The disappearing Greenland Ice Sheet continues to thin along its edges, and could soon open up in the north, according to the latest results of satellite and aerial studies presented here today at the annual meeting of the American Geophysical Union.
The broad view is that the entire Greenland ice sheet
is thinning, and has done so for 20 years, researchers reported at the
meeting. But regionally, Greenland presents a more complicated story.
Portions of the giant ice cap, one of the biggest blocks of ice on
Earth, are melting faster than others, but a few places also seem to be
getting thicker, scientists said.
Greenland is now losing about 22 gigatons (22 cubic kilometers) of ice a
year, said Beata Csatho, a professor at the University of Buffalo in
New York. All of that melting ice adds to rising global sea levels, and
future melting is expected to further contribute to that rise.
The north of the ice sheet in particular presents a possible future
hazard should rapid thinning there continue. The northeast edge is
thinning rapidly, with potential for opening up the rest of the northern
portion of the ice to melt, Csatho said. The ice sheet could start
flowing like a river out to the north if the edges thin rapidly enough.
The southeast part of the ice sheet is also melting at increasing
rates, Csatho reported. The data comes from satellites and NASA's
IceBridge campaign, which flies planes laden with instruments over both
the Arctic and Antarctic to fill a gap between the retirement of one
ice-monitoring satellite and the launch of another. (Dazzling Images from NASA's IceBridge)
While the southwest's famous Jakobshavn glacier
seems stable, researchers at the University of Texas at Dallas found
the Jakobshavn was rapidly thinning. The elevation change was 0.17
inches (4.34 millimeters) a year at the outlet glacier from IceBridge
data, which covers the past four years, said doctoral student Wenlu Qi.

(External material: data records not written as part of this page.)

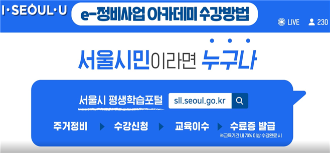 ▲e-정비사업 아카데미 수강방법 안내(서울시 유투브 홍보영상 중)/서울시 제공 |
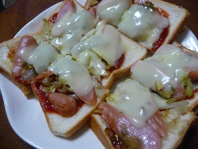 (食パン〔8枚切・2枚〕、チーズ〔60kcal・2枚〕、ソーセージ、レタス、ピクルス、ケチャップ)
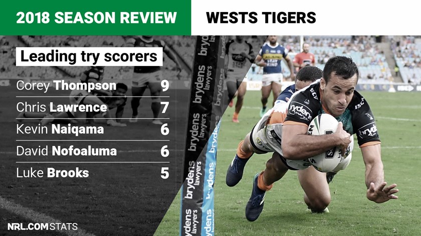 Unsurprisingly, given they scored the fewest tries in the NRL, the club had no individuals crack double figures in 2018. Impressive recruit Corey Thompson was the best, with nine tries in 20 games across fullback and wing. Veteran second-rower Chris Lawrence crossed for seven while outside backs Ken Naiqama and David Nofoaluma managed six each.
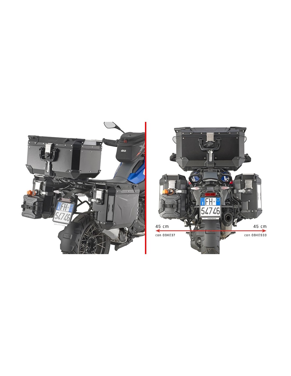 No se puede montar en presencia del sistema de fijación de maletas laterales original / tubular de 18 mm de diámetro / el lado derecho solo es compatible con las maletas con muescas OBKEVS33, OBKEVS40 / se combina con el 13RKIT para la transformación en un portamaletas de liberación rápida
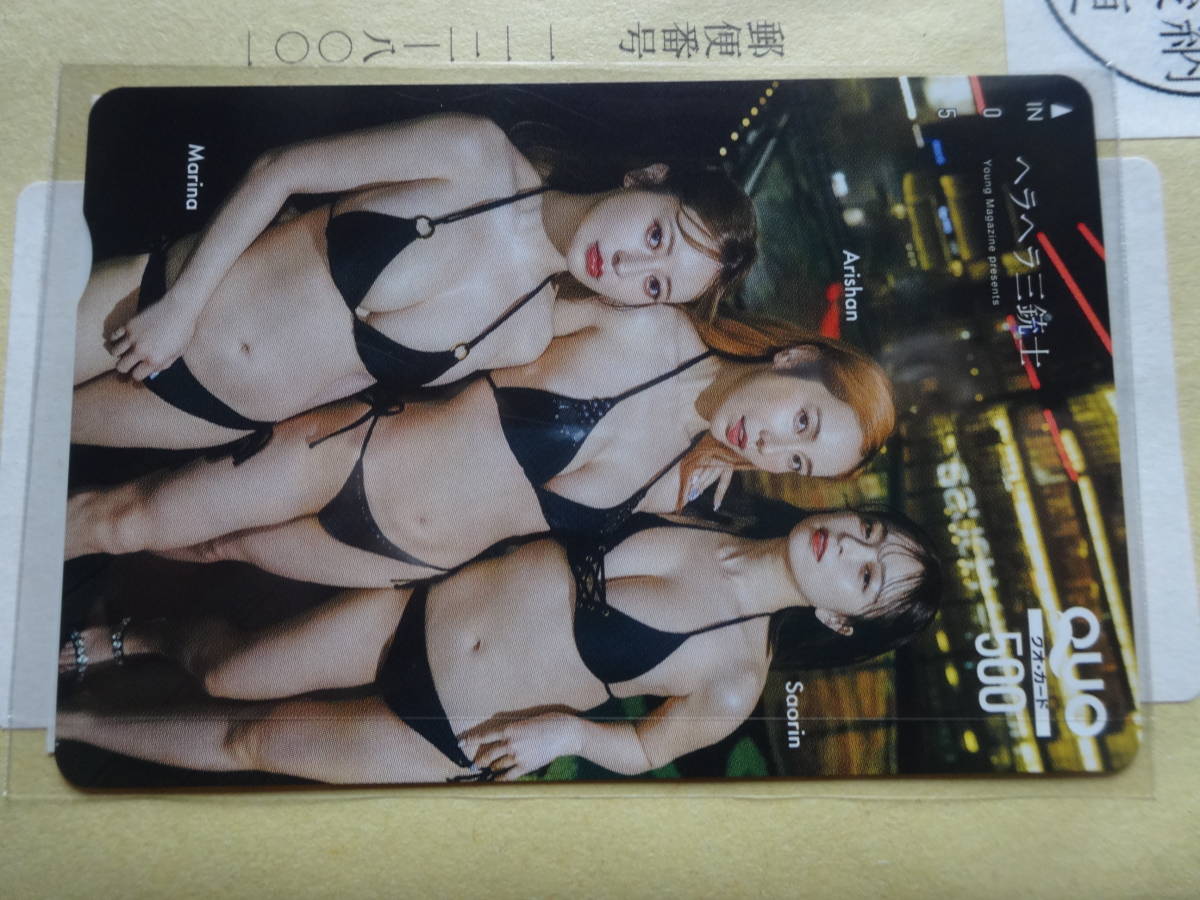 - ヤングマガジン ヘラヘラ三銃士 ありしゃん・まりな・さおりん 抽プレQUOカード
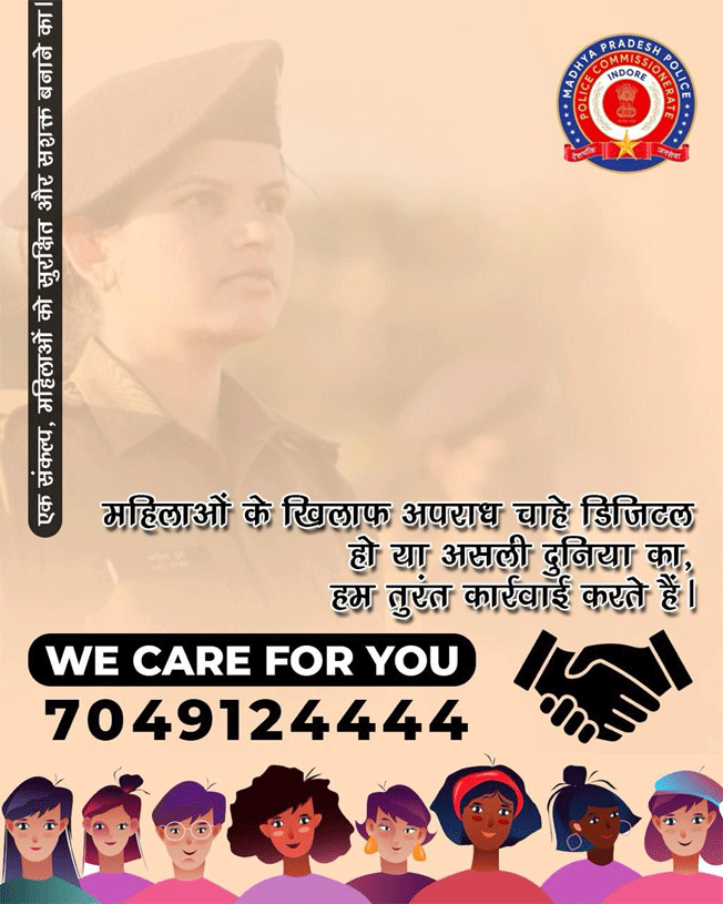 इंदौर पुलिस कमिश्नरेट में महिलाओं को कॉल पर परेशान, अपशब्द कहने, छेड़छाड़ करने वालों के विरुद्ध तत्काल कार्यवाही हेतु We Care For You हेल्पलाइन की सुविधा उपलब्ध है। उक्त We Care For You हेल्पलाइन के म...
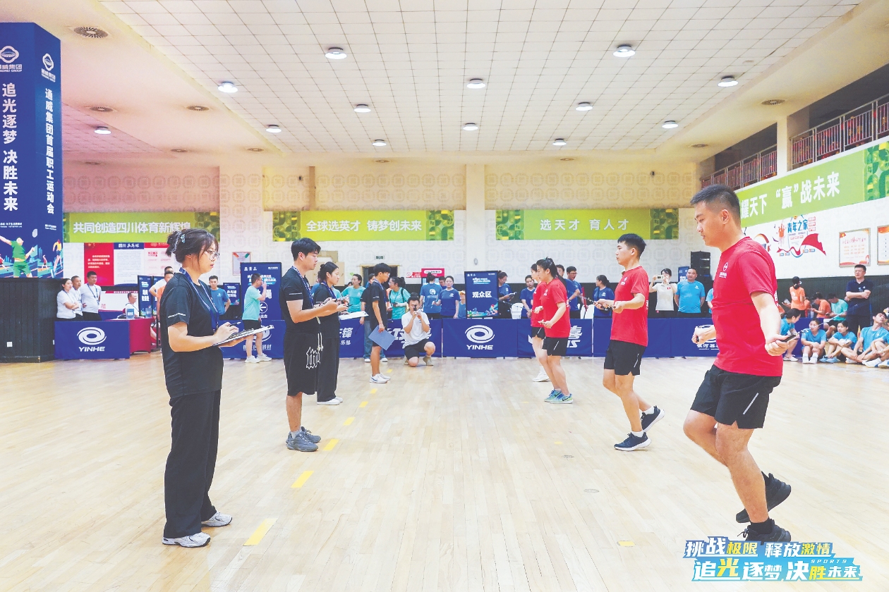 來自通威集團管理總部及相關多元板塊、通威股份管理總部、永祥股份、通威太陽能、通威太陽能科技、通威新能源、通威農發、通威食品共8支代表隊參加田徑、羽毛球、乒乓球、籃球、跳繩、拔河六大類比賽,角逐冠軍。
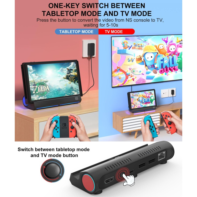 Estación de muelle de TV compatible con interruptor/interruptor OLED de repuesto compatible con base de interruptor oficial, estación de acoplamiento de interruptor compatible con salida 4K
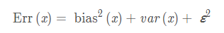如上图,我们假设一次射击就是一个机器学习模型对一个样本进行预测,射中红色靶心位置代表预测准确,偏离靶心越远代表预测误差越大。偏差则是衡量射击的蓝点离红圈的远近,射击位置即蓝点离红色靶心越近则偏差越小,蓝点离红色靶心越远则偏差越大;方差衡量的是射击时手是否稳即射击的位置蓝点是否聚集,蓝点越集中则方差越小,蓝点越分散则方差越大。
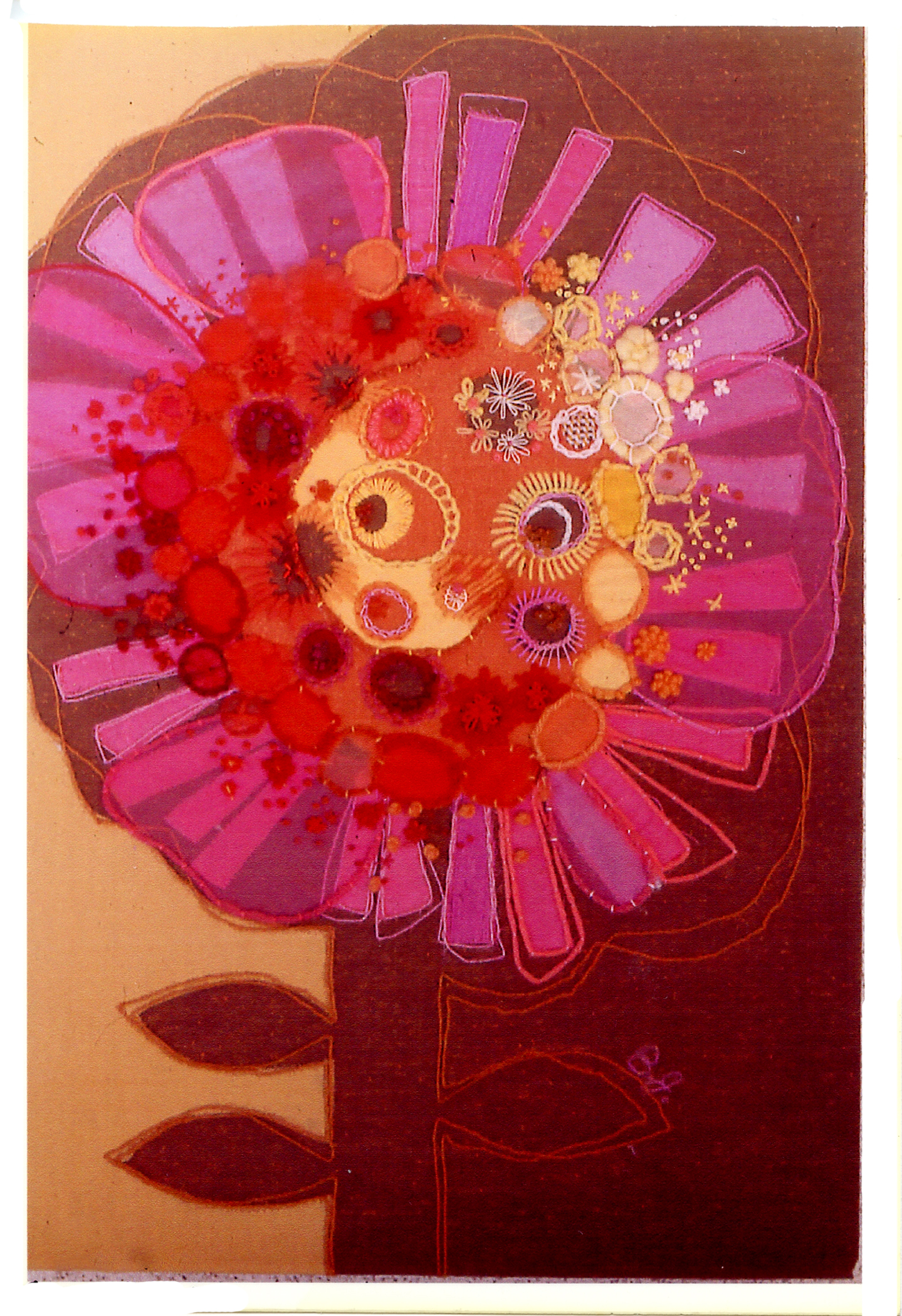This artwork was created for a friend when I lived in California. At that time the heavy yarns and bright Mexican or southwest colors were important and they also were perfect for the Dunn's home. I was enjoying the large yarns for hand embroidery but wanted to combine techniques so layered both fabrics and embroidery. At that time I must have been influenced by Jean Rae Laury's very large commissions and her art.
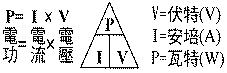 5. 電阻也有瓦特數的分別,如同燈泡一樣,有55W及100W之分,電阻 的瓦特數由1/16W∼100W都有,其公式如下:
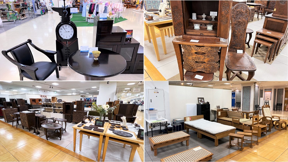 左上から時計回りに、職人が作る色々な木工家具。福岡 星野民藝の民芸家具、長野 一彫堂の軽井沢彫家具、福島 かねはちの会津桐工芸、鹿児島 九州銘木の屋久杉木工です。本物の木のぬくもりに日本の職人ならではの高度な技が掛け合わされた、何世代も使える味わい深い家具類です。
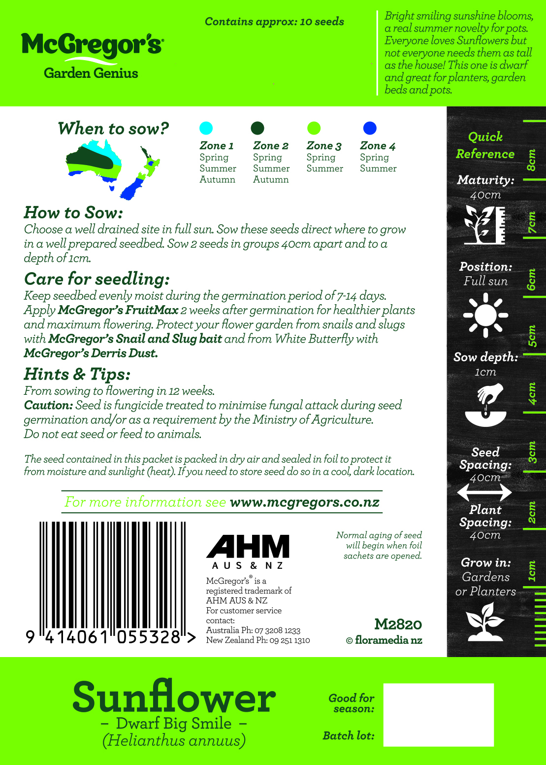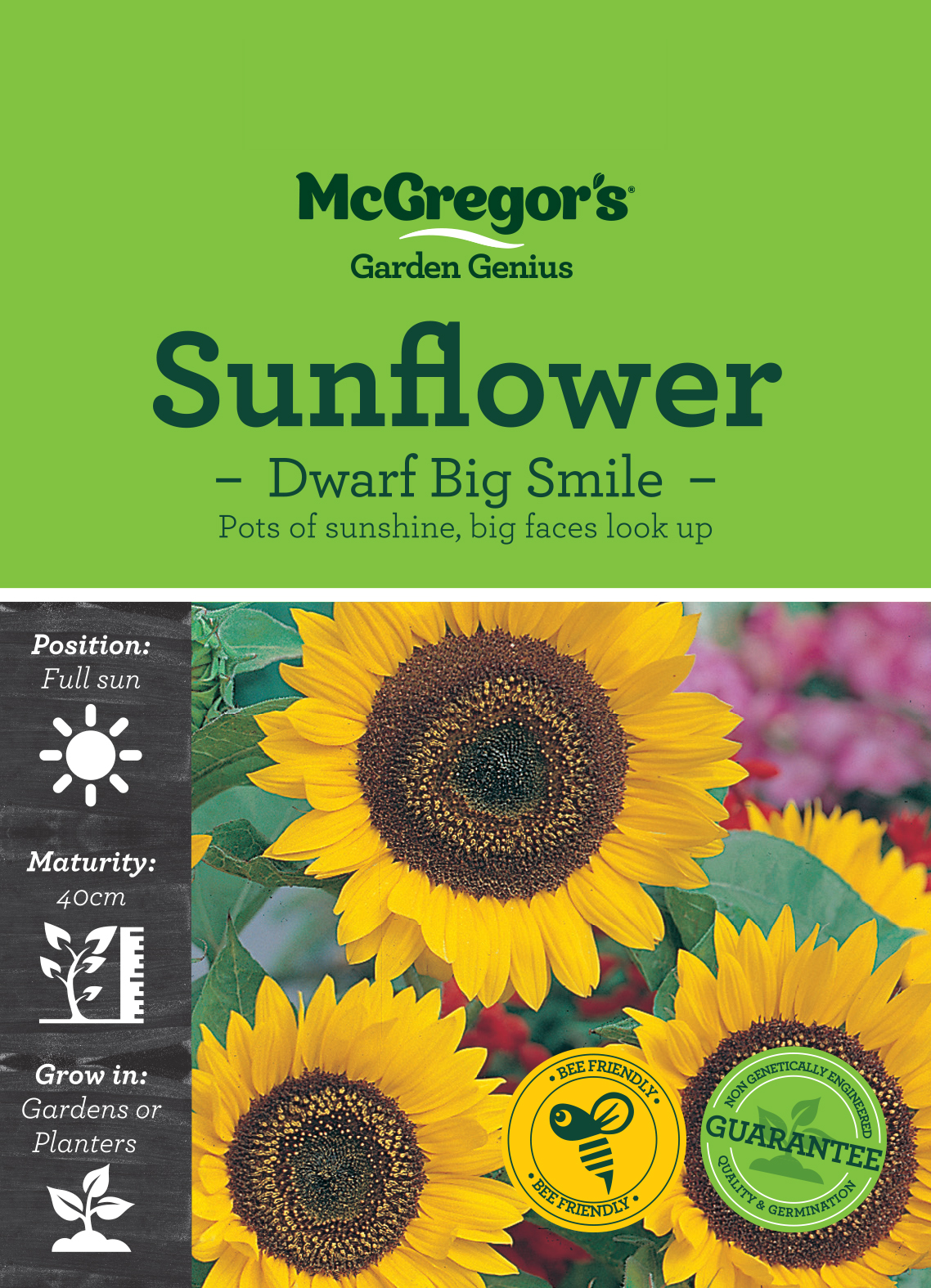 Bright smiling sunshine blooms, a real summer novelty for pots. Everyone loves Sunflowers but not everyones needs them as tall as the house. This one is dwarf and great for planters, garden beds and pots.
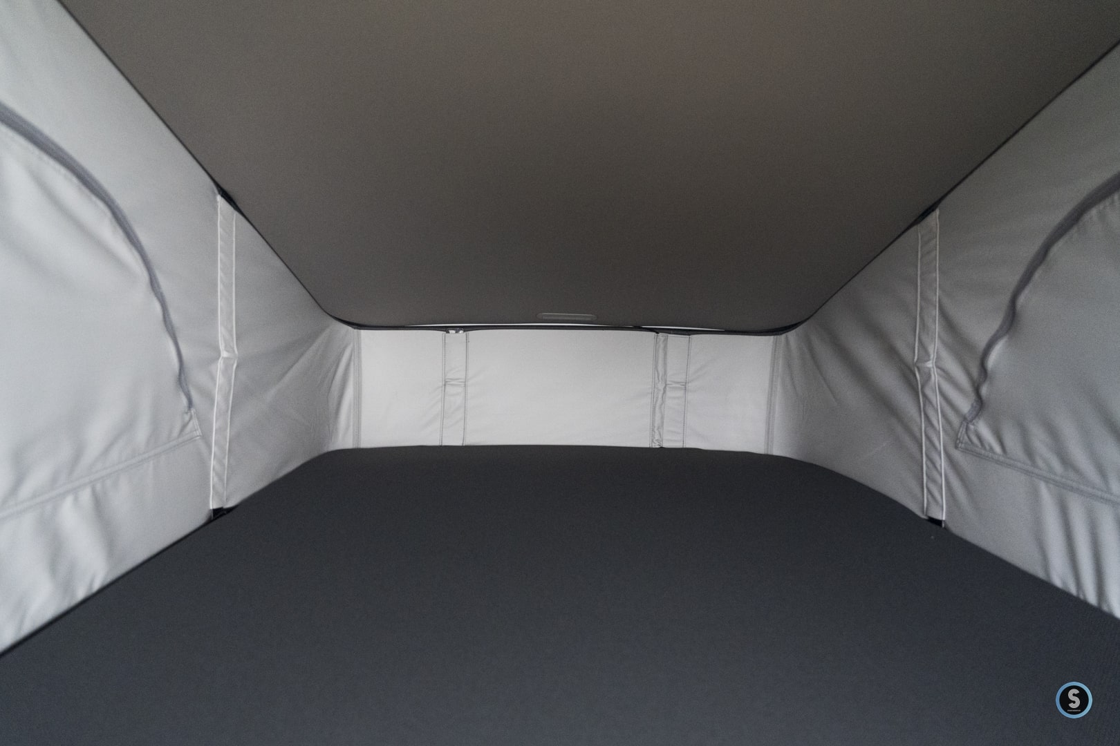 Le toit relevable emblématique cache un lit de 2 054 x 1 137 mm, accessible grâce à une échelle discrète. C’est d’ailleurs le lit le plus confortable des deux. Ce couchage à l’étage est idéal pour deux personnes et permet de profiter de la vue grâce à une ouverture avant panoramique.
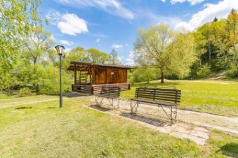 Благоустройство участка: видовой участок с панорамным видом на речку и поселок. Выполнено зонирование участка, ландшафтный дизайн с большими и малыми формами кустарников, а также другими элементами декора. Высажено множество плодовых, хвойных, декоративных деревьев и кустарников, клубника. Высажена живая изгородь из туй. Освещение по всему участку. Зона барбекю. Детская площадка. Беседка. Дренажная система по всему участку с выводом в центральную канализацию..
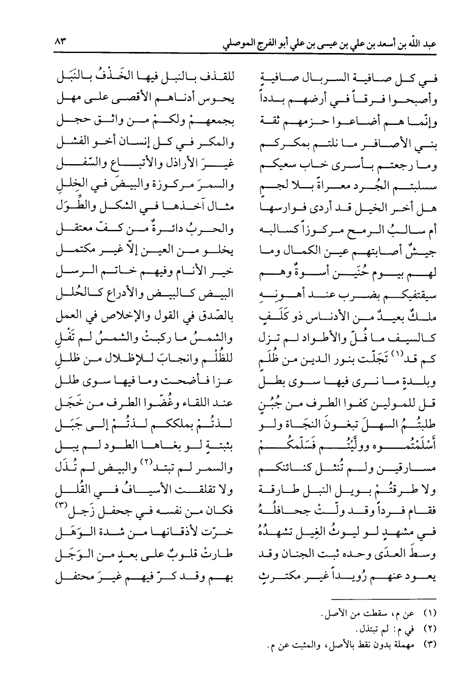 في كل صافية السربال صافية * للقذف بالنبل فيها الخذف بالنبل وأصبحوا فرقا في أرضهم بددا * يحوس أدناهم الأقصى على مهل وإنما هم أضاعوا حزمهم ثقة * بجمعهم ولكم من واثق حجل بني الأصافر ما نلتم بمكركم * والمكر في كل إنسان أخو الفشل وما رجعتم بأسرى خاب سعيكم * غير الأراذل والأتباع والسفل سسلبتم الجرد معراة بلا لجم * والسمر مركوزة والبيض في الخلل هل أخر الخيل قد أردى فوارسها * مثال آخذها في الشكل والطول أم سالب الرمح مركوزا كسالبه * والحرب دائرة من كف معتقل جيش أصابتهم عين الكمال وما * يخلو من العين إلا غير مكتمل لهم بيوم حنين أسوة وهم * خير الأنام وفيهم خاتم الرسل سيقتفيكم بضرب عند أهونه * البيض كالبيض والأدراع كالحلل ملك بعيد من الأدناس ذو كلف * بالصدق في القول والإخلاص في العمل كالسيف ما فل والأطواد لم تزل * والشمس ما ركبت والشمس لم تفل كم قد (1) تجلت بنور الدين من ظلم * للظلم وانجاب للإظلال من ظلل وبلدة ما نرى فيها سوى بطل * عزا فأضحت وما فيها سوى طلل قل للمولين كفوا الطرف من جبن * عند اللقاء وغضوا الطرف من خجل طلبتم السهل تبغون النجاة ولو * لذتم بملككم لذتم إلى جبل أسلمتموه ووليتم فسلمكم * بثبتة لو بغاها الطود لم يبل مسارقين ولم تنثل كنائنكم * والسمر لم تبتد (2) والبيض لم تذل ولا طرقتم بويل النبل طارقة * ولا تقلقت الأسياف في القلل فقام فردا وقد ولت جحافله * فكان من نفسه في جحفل زجل (3) في مشهد لو ليوث الغيل تشهده * خرت لأذقانها من شدة الوهل وسط العدى وحده ثبت الجنان وقد * طارت قلوب على بعد من الوجل يعود عنهم رويدا غير مكترث * بهم وقد كر فيهم غير محتفل

Laser altimetry data indicates that the entire ice sheet continues to
thin even though snowfall over Greenland increased after the year 2000,
said Bill Krabill, principal investigator for NASA's Airborne
Topographic Mapper and a scientist at NASA's Wallops Flight Facility in
Wallops Island, Va.
"It's a consistent story. There are a few areas of thickening that are
taking place, but anytime you get to the edge of Greenland, you are
seeing thinning," he said.
Krabill, who works with NASA's IceBridge campaign,
said the space agency just agreed to "re-wing" or replace the wings on
the sturdy P-3 aircraft that flies for IceBridge. The IceBridge mission
will "keep on to an extent" after the launch of ICESAT-2 for specific
data collection and ICESat-2 data validation, NASA told OurAmazingPlanet
in a tweet.Themodified P-3 flies daily missions through mid-May out of
Thule and Kangerlussuaq, Greenland to measure sea and land ice.